- [Entries provided]:
"""
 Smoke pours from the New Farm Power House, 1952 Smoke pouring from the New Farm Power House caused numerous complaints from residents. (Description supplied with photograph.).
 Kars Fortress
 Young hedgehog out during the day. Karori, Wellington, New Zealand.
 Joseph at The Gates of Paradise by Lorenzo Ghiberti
"""
"""
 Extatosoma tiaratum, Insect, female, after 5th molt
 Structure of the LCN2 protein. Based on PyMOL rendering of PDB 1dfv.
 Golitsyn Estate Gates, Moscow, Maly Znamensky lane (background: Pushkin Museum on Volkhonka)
"""
- [Task goal]:
Give back exactly the lines above starting at the line where "Structure of the" appears and ending at the line where "Golitsyn Estate Gates, Moscow, Maly" appears, both included, with no other lines.

- [Solution for this task]:
 Structure of the LCN2 protein. Based on PyMOL rendering of PDB 1dfv.
 Golitsyn Estate Gates, Moscow, Maly Znamensky lane (background: Pushkin Museum on Volkhonka)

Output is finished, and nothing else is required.